Two groups of terrorists had seized hostages at separate locations around the French capital today, facing off against thousands of French security forces as the city shut down a famed Jewish neighborhood and scrambled to protect residents and tourists from further attacks.
By this afternoon, explosions and gunshots rang out and white smoke rose outside a printing plant in Dammartin-en-Goele, northeast of Paris, where brothers Cherif Kouachi, 32, and Said Kouachi, 34, had holed up with a hostage.
Audrey Taupenas, spokeswoman for the town near the Charles de Gaulle airport, said the brothers had died in the clash. France has been high alert since the country's worst terror attack in decades the massacre on Wednesday in Paris at the satirical newspaper Charlie Hebdo that left 12 people dead.

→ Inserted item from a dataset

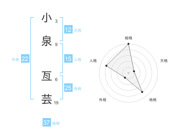 小泉 亙芸さんの総格は37画の5点!

Minutes before the storming, a gunman in a Paris kosher grocery store had threatened to kill his five hostages if French authorities launched an assault on the two brothers, a police official said. The two sets of hostage-takers know each other, said the official, who was not authorized to discuss the rapidly developing situations with the media.
Hours before the Jewish Sabbath, the street is usually crowded with shoppers French Jews and tourists alike. The street is also only a kilometre away from Charlie Hebdo's offices.
At the kosher grocery near the Porte de Vincennes neighborhood in Paris, the gunman burst in shooting just a few hours before the Jewish Sabbath began, declaring "You know who I am," the official recounted. The attack came before sundown when the store would have been crowded with shoppers.